(Data excerpts)
--- START ---
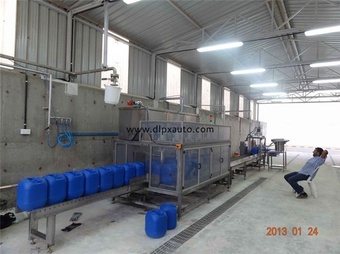 產(chǎn)地:上海特點(diǎn):全自動(dòng),效益高,整套生產(chǎn)線適用范圍:石化、化工、日化,制藥,食品,農(nóng)藥等流體使用說明手紅放桶一自動(dòng)輸送一6頭自動(dòng)定位稱重灌裝 自動(dòng)理蓋一 自動(dòng)旋蓋一 重 量檢測(cè)一-自動(dòng)貼標(biāo)- -自動(dòng)噴碼一輸送到碼垛位一 半自動(dòng)碼垛- 托盤輸送-叉車運(yùn)走2.產(chǎn)品介紹:2.1.采用稱重灌裝傳感器,使用穩(wěn)定、壽命長(zhǎng);2.2. PLC控制稱重,高精度;2.3.雙速灌裝(開始時(shí)快速灌裝,接近目標(biāo)量時(shí)慢速灌裝
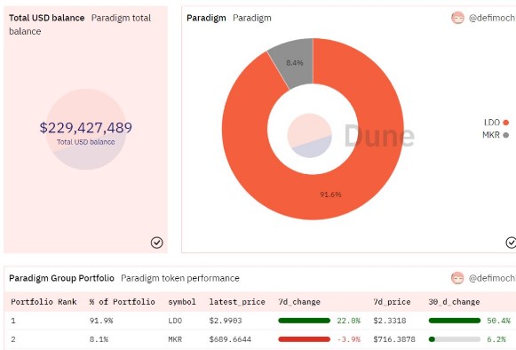 加密/Web3投资公司Paradigm的投资组合非常简单,LDO和MKR,其中LDO占比高达91%。截至目前,Paradigm投资组合余额约为2.2亿美元,过去一个月增长了近40%。去年三月,Paradigm领投了NFT市场Blur 1100万美元的种子轮融资,有消息称其持有BLUR,但目前尚不清楚相关地址信息。
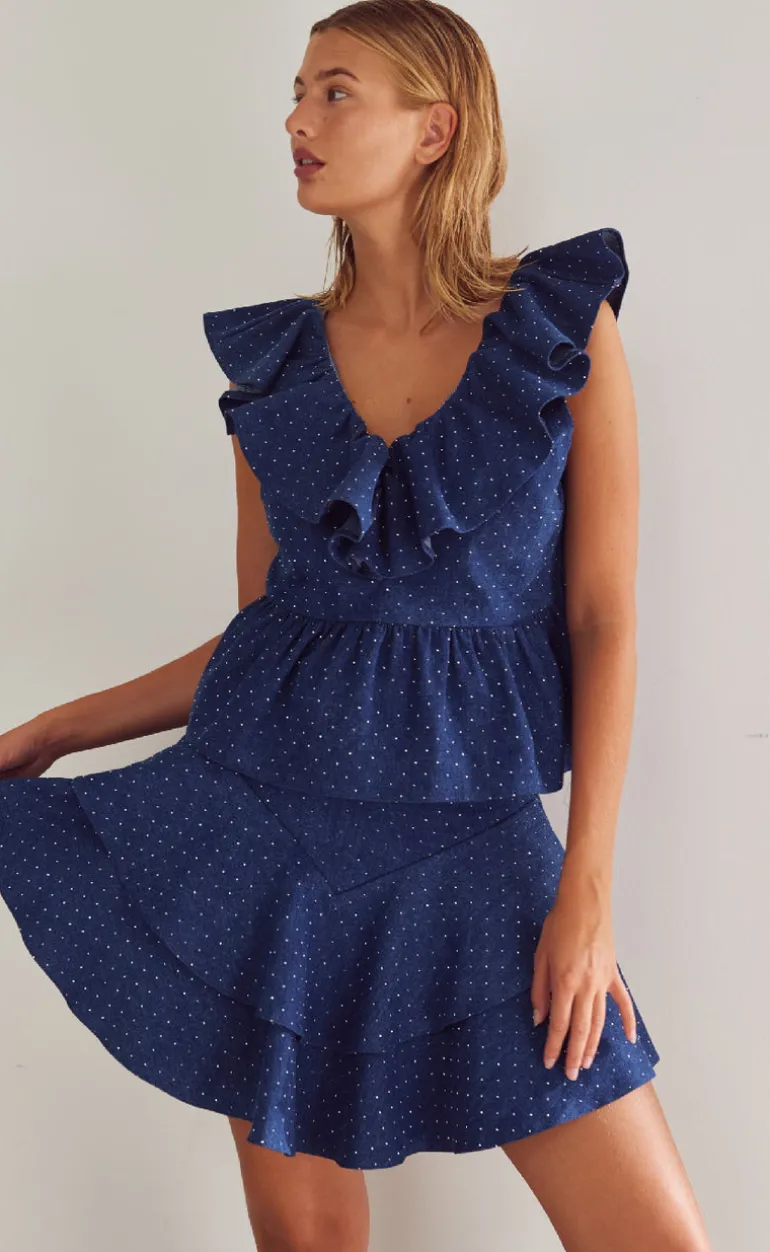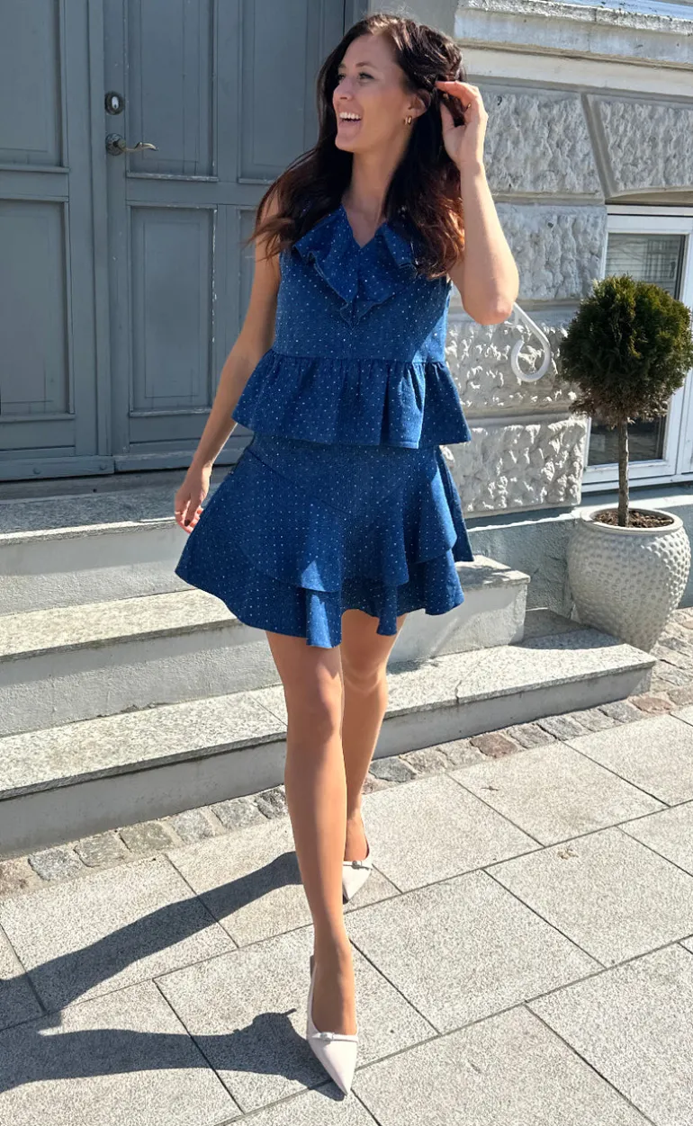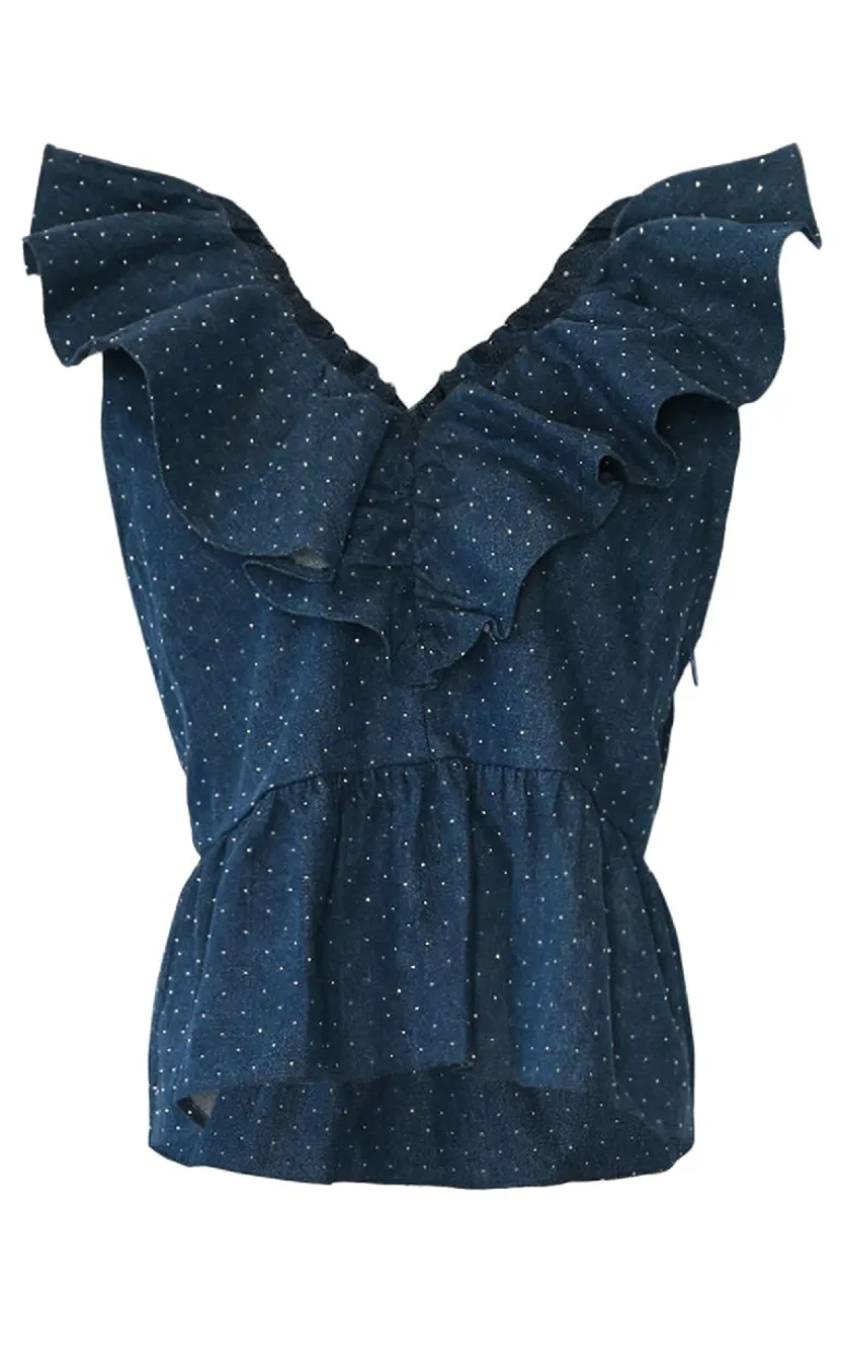 Prikket top fra Noella i blå og hvid.
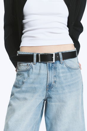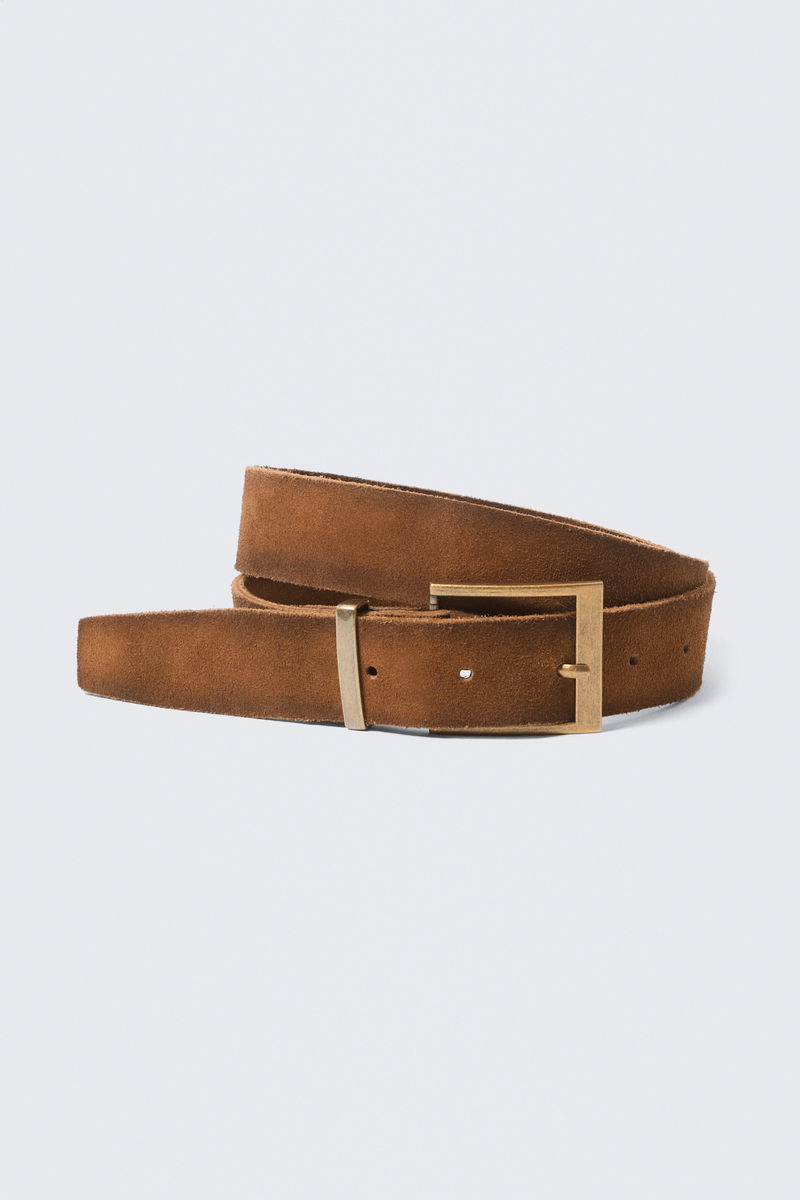 A belt crafted from soft leather with a clean, minimal look. Designed with raw cut edges and a rectangular metal buckle, it has a straight silhouette that works easily with trousers and jeans.
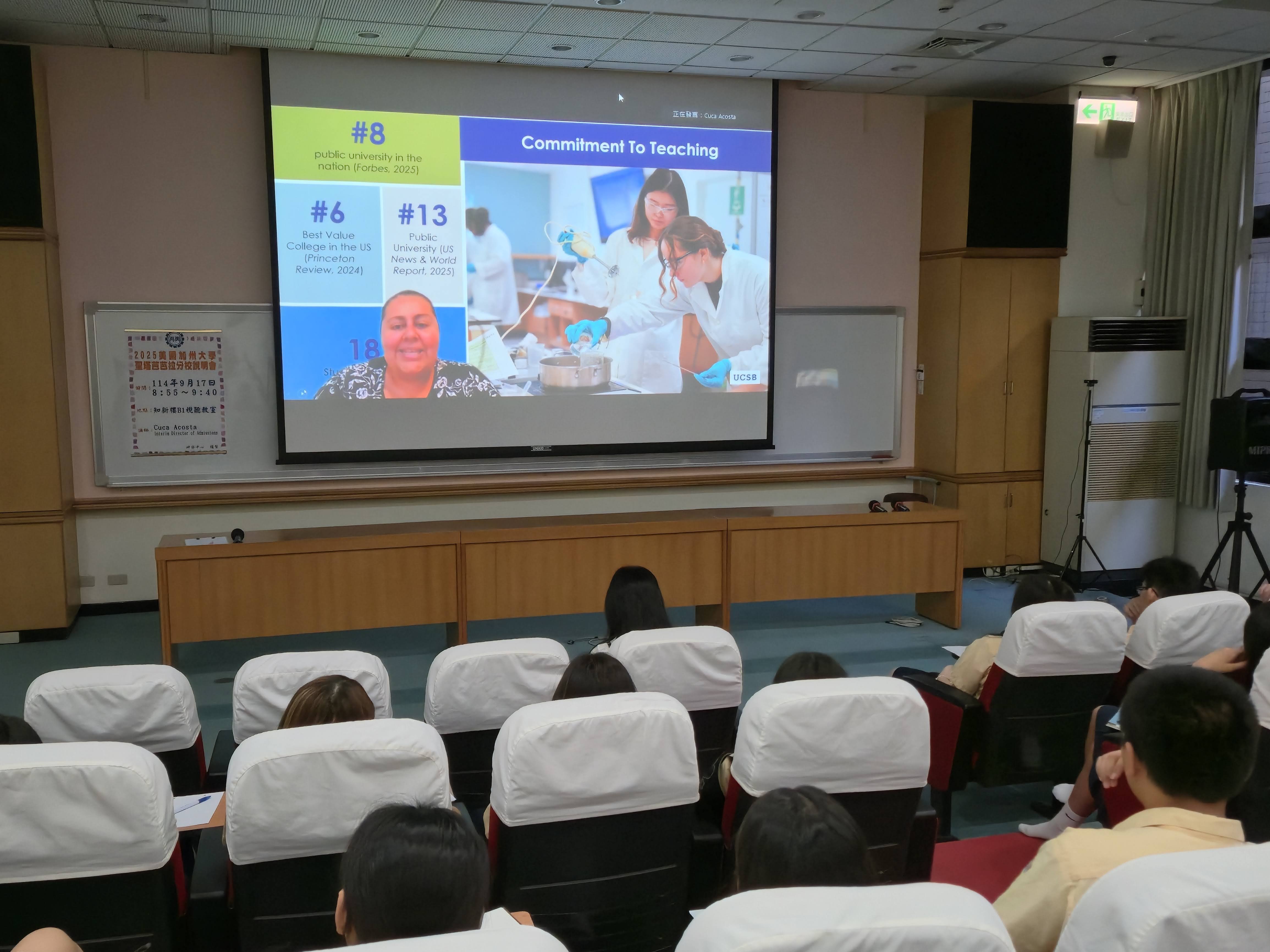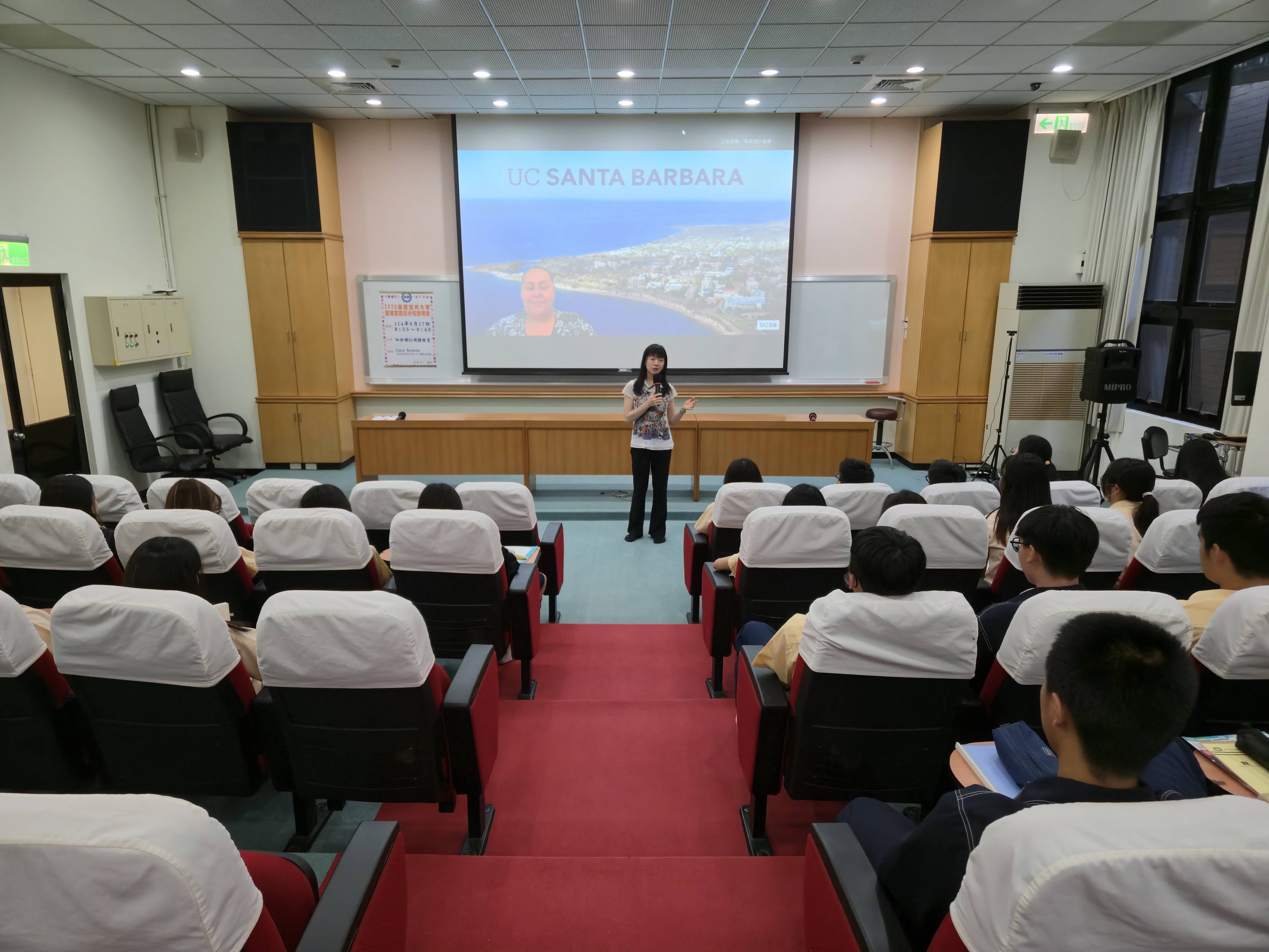 本校9月17日舉辦美國加州大學聖塔芭芭拉分校說明會,邀請國際招生部主任Cuca Acosta介紹校園與申請流程。本場說明會共有34位高中部學生參加,內容分為四個部分: 校園位置與環境、入學條件與申請時程、學院系所介紹,以及學生提問時間。
--- END ---
Exercise instructions -> Copy exactly and only this span: the line with "加密/Web3投资公司Par" through the final line of the entries, both ends included, with the pictures left out.

Expected output ->
 加密/Web3投资公司Paradigm的投资组合非常简单,LDO和MKR,其中LDO占比高达91%。截至目前,Paradigm投资组合余额约为2.2亿美元,过去一个月增长了近40%。去年三月,Paradigm领投了NFT市场Blur 1100万美元的种子轮融资,有消息称其持有BLUR,但目前尚不清楚相关地址信息。
 Prikket top fra Noella i blå og hvid.
 A belt crafted from soft leather with a clean, minimal look. Designed with raw cut edges and a rectangular metal buckle, it has a straight silhouette that works easily with trousers and jeans.
 本校9月17日舉辦美國加州大學聖塔芭芭拉分校說明會,邀請國際招生部主任Cuca Acosta介紹校園與申請流程。本場說明會共有34位高中部學生參加,內容分為四個部分: 校園位置與環境、入學條件與申請時程、學院系所介紹,以及學生提問時間。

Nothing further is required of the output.